What is being asked: Output each record exactly as given. Leave out every picture.

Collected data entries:
———

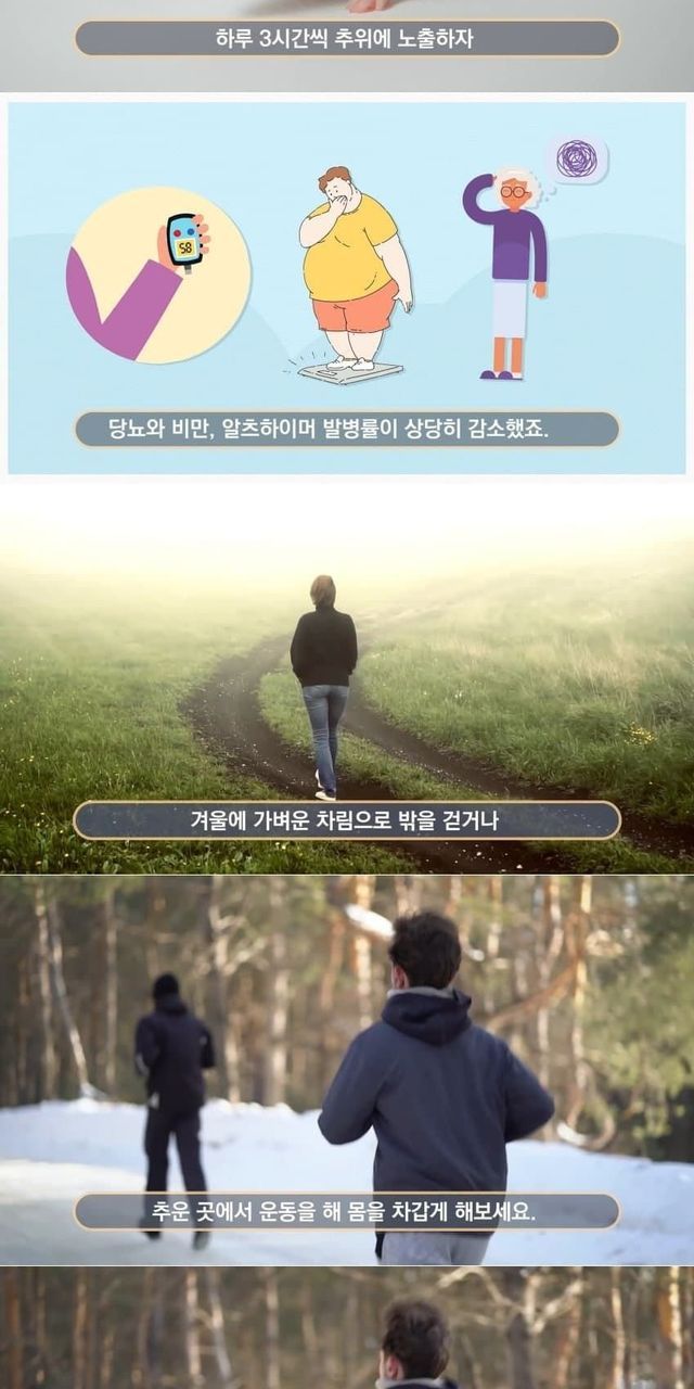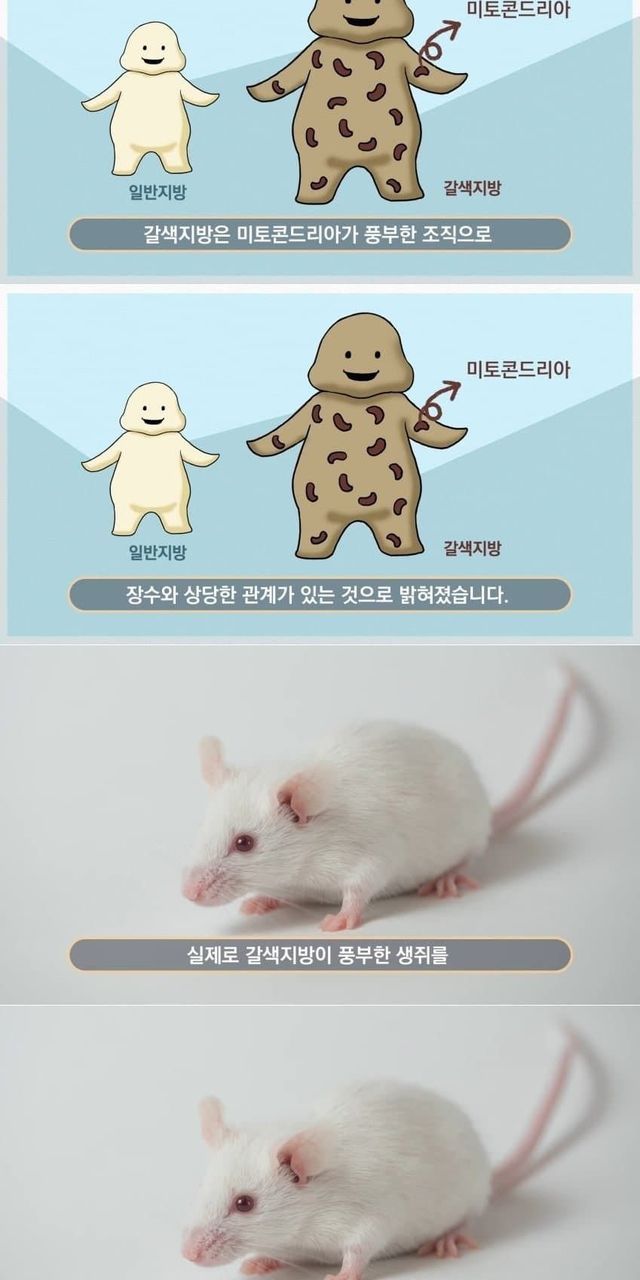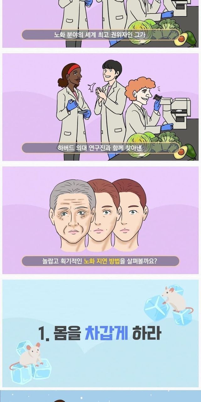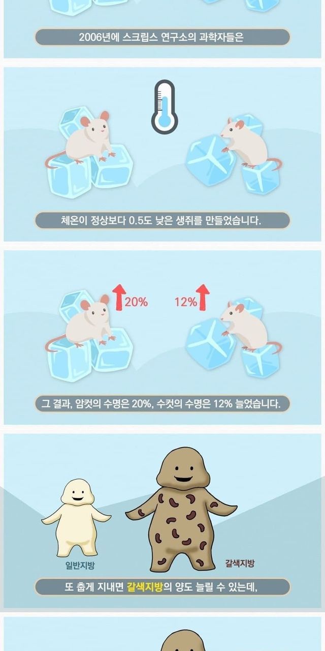 저 생쥐의 메커니즘은 모르겠습니다만 싱클레어박사가 몸을 추위에 노출하라는 것은 몸이 적당한 스트레스에 노출되면 우리몸에서 노화세포를 제거하고 변형된 유전자를 수리하는 유전자가 발현되서 그렇다고 설명합니다
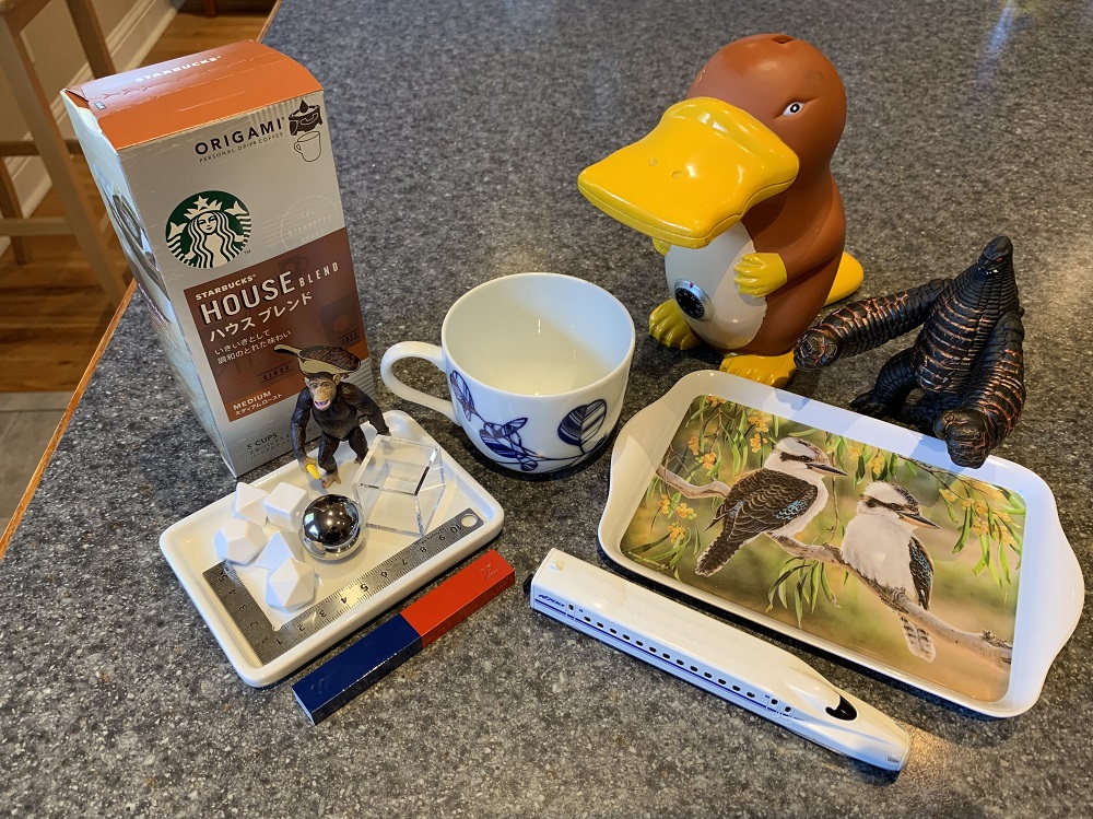 Clockwise: Red & blue north-south bar magnet (polar opposites, so a perfect metaphor for Republicans & Democrats in American politics, right?), mini set square, 28.57 mm steel ball & perspex cube, all these from Tokyu Hands store | white porcelain tray from Muji store | chimpanzee, banana in hand & white solid polyhedron set from Akihabara | origami Starbucks coffee filters | porcelain mug by Koransha (Japanese porcelain) | platypus piggy bank with ‘combination lock’ as a belly button from Commonwealth Bank | the ‘Red King’, an ultramonster with oversized fists (No 57 in the Ultraman series) | melamine tray with Australian kookaburras | diecast model of N700 series bullet train
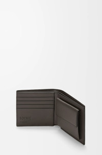Bifold coin wallet inspired by the Puzzle bag's distinctive geometric pattern. This version is crafted in supple grained calfskin. - Four card slots, two large note pockets, one flat pocket - One coin compartment with snap button closure - Calfskin lining - Embossed Anagram Colour: Dark Grey Metallic colour: Palladium Main material: Supple grained calf Weight: 0.09 kg Height: 9.8 cm Width: 11 cm Depth: 2 cm Made in: Spain
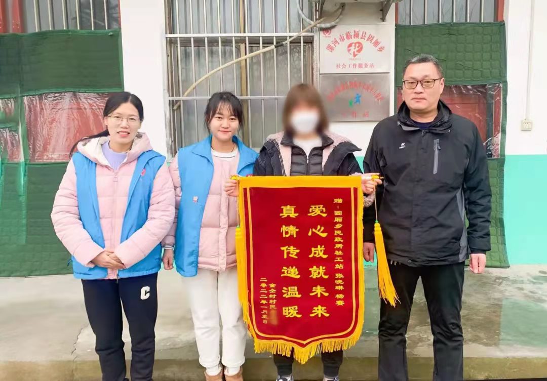 (图:图一是服务对象家属为漯河市临颍县固厢乡社工站赠送锦旗表达谢意)
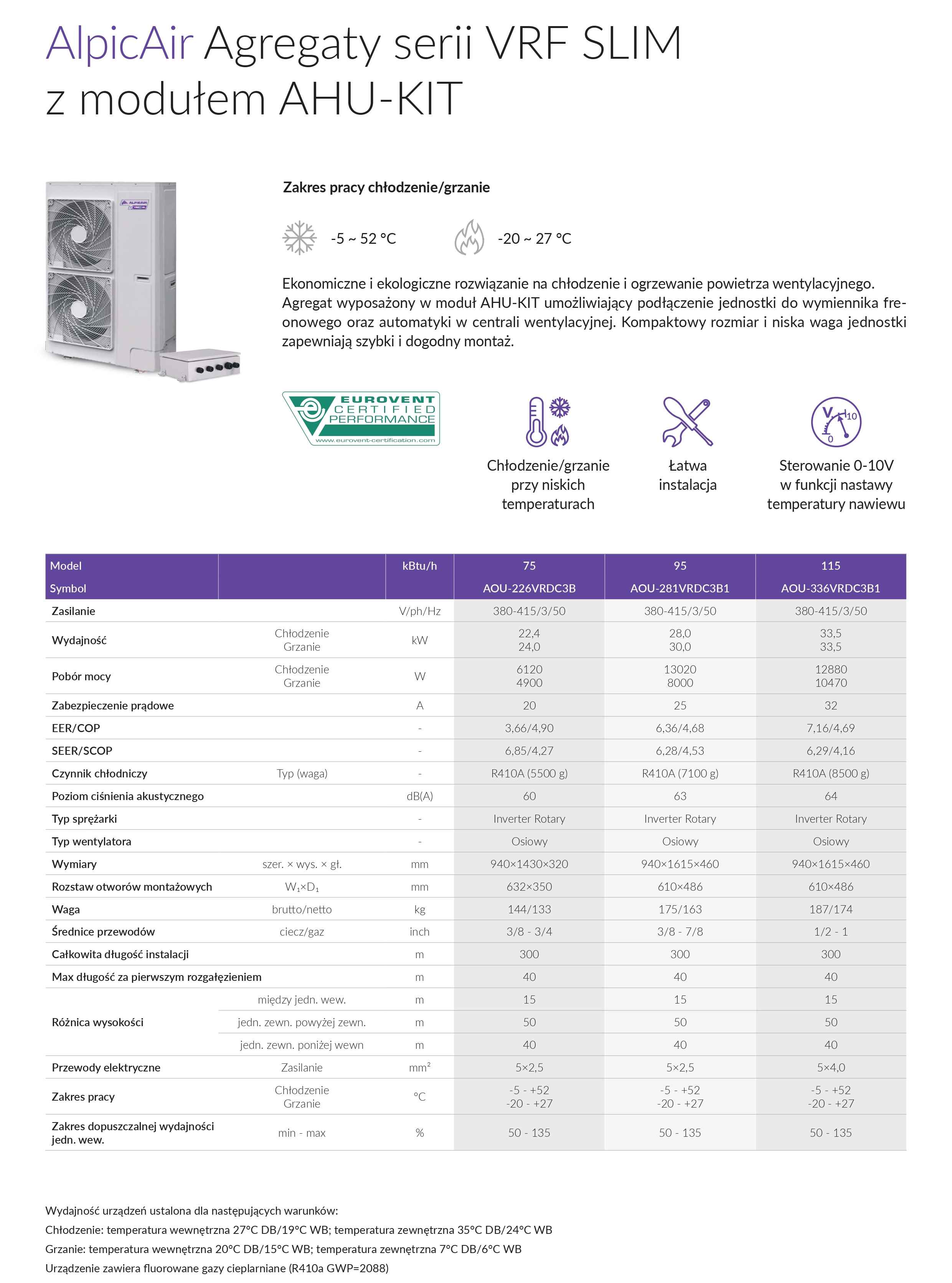 - ALPICAIR Agregaty serii VRF SLIM z modułem AHU-KIT
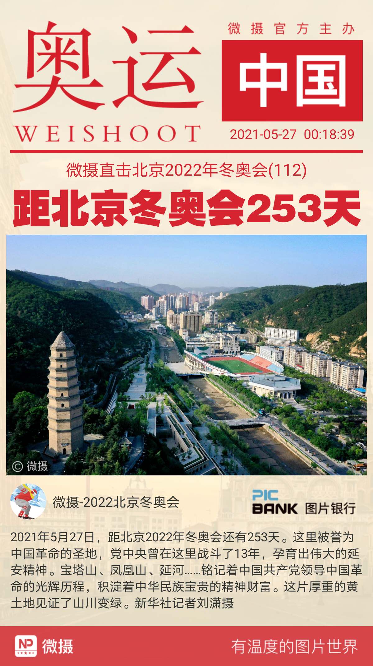 2021年5月27日,距北京2022年冬奥会还有253天。这里被誉为中国革命的圣地,党中央曾在这里战斗了13年,孕育出伟大的延安精神。宝塔山、凤凰山、延河……铭记着中国共产党领导中国革命的光辉历程,积淀着中华民族宝贵的精神财富。这片厚重的黄土地见证了山川变绿。
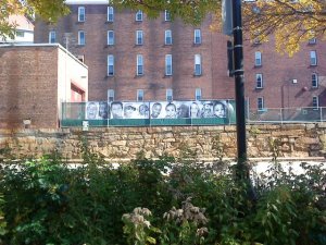 As a volunteer with the Manchester Arts Commission, I was able to participate in the installation of the Inside Out Project around the mill area of Manchester. The Commission assembled and printed 200 portraits of Manchester residents, negotiated with property owners, and sent out teams armed with paste to install pictures near Channel 9, the Mill Girl, near the Red Arrow Diner, and inside of empty and occupied business locations along Elm Street in preparation of TEDx AmoskeagMillyard. Some survived from date of installation to the date of the event, some peeled off immediately due to the frying heat of the Autumn sun. Some got pulled down. If you visit InsideOutProject, you can search photos from communities around the world that participated in this happening.
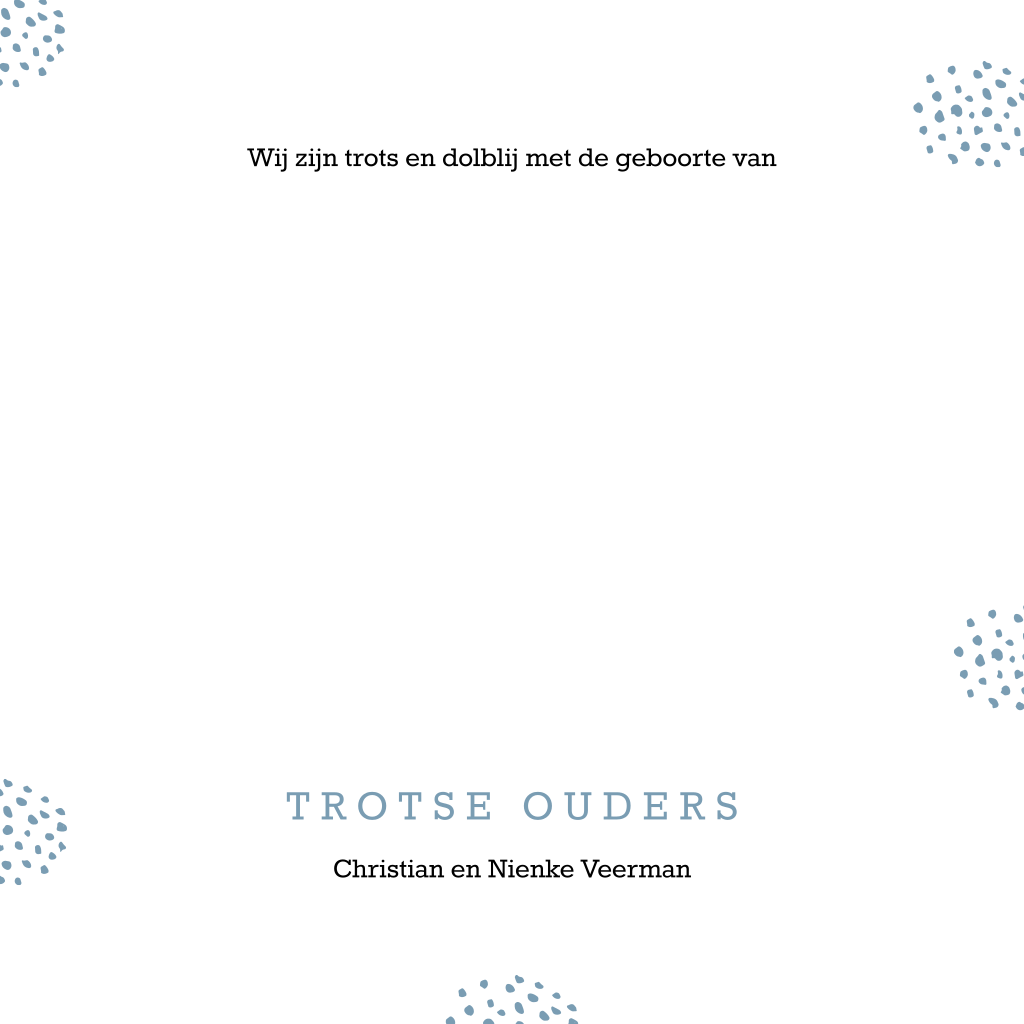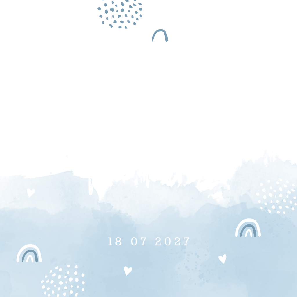 Lief, lichtblauw geboortekaartje met kleine regenboogjes in goudfolie. In een sierlijk lettertype komt de naam van je zoontje voorop. Op de achtergrond staat een waterverf rand, deze kun je eenvoudig omkleuren met behulp van onze ontwerptool. Bestel een proefdruk om dit kaartje in het echt te kunnen bewonderen.

———

Task response:
 저 생쥐의 메커니즘은 모르겠습니다만 싱클레어박사가 몸을 추위에 노출하라는 것은 몸이 적당한 스트레스에 노출되면 우리몸에서 노화세포를 제거하고 변형된 유전자를 수리하는 유전자가 발현되서 그렇다고 설명합니다
 Clockwise: Red & blue north-south bar magnet (polar opposites, so a perfect metaphor for Republicans & Democrats in American politics, right?), mini set square, 28.57 mm steel ball & perspex cube, all these from Tokyu Hands store | white porcelain tray from Muji store | chimpanzee, banana in hand & white solid polyhedron set from Akihabara | origami Starbucks coffee filters | porcelain mug by Koransha (Japanese porcelain) | platypus piggy bank with ‘combination lock’ as a belly button from Commonwealth Bank | the ‘Red King’, an ultramonster with oversized fists (No 57 in the Ultraman series) | melamine tray with Australian kookaburras | diecast model of N700 series bullet train
Bifold coin wallet inspired by the Puzzle bag's distinctive geometric pattern. This version is crafted in supple grained calfskin. - Four card slots, two large note pockets, one flat pocket - One coin compartment with snap button closure - Calfskin lining - Embossed Anagram Colour: Dark Grey Metallic colour: Palladium Main material: Supple grained calf Weight: 0.09 kg Height: 9.8 cm Width: 11 cm Depth: 2 cm Made in: Spain
 (图:图一是服务对象家属为漯河市临颍县固厢乡社工站赠送锦旗表达谢意)
 - ALPICAIR Agregaty serii VRF SLIM z modułem AHU-KIT
 2021年5月27日,距北京2022年冬奥会还有253天。这里被誉为中国革命的圣地,党中央曾在这里战斗了13年,孕育出伟大的延安精神。宝塔山、凤凰山、延河……铭记着中国共产党领导中国革命的光辉历程,积淀着中华民族宝贵的精神财富。这片厚重的黄土地见证了山川变绿。
 As a volunteer with the Manchester Arts Commission, I was able to participate in the installation of the Inside Out Project around the mill area of Manchester. The Commission assembled and printed 200 portraits of Manchester residents, negotiated with property owners, and sent out teams armed with paste to install pictures near Channel 9, the Mill Girl, near the Red Arrow Diner, and inside of empty and occupied business locations along Elm Street in preparation of TEDx AmoskeagMillyard. Some survived from date of installation to the date of the event, some peeled off immediately due to the frying heat of the Autumn sun. Some got pulled down. If you visit InsideOutProject, you can search photos from communities around the world that participated in this happening.
 Lief, lichtblauw geboortekaartje met kleine regenboogjes in goudfolie. In een sierlijk lettertype komt de naam van je zoontje voorop. Op de achtergrond staat een waterverf rand, deze kun je eenvoudig omkleuren met behulp van onze ontwerptool. Bestel een proefdruk om dit kaartje in het echt te kunnen bewonderen.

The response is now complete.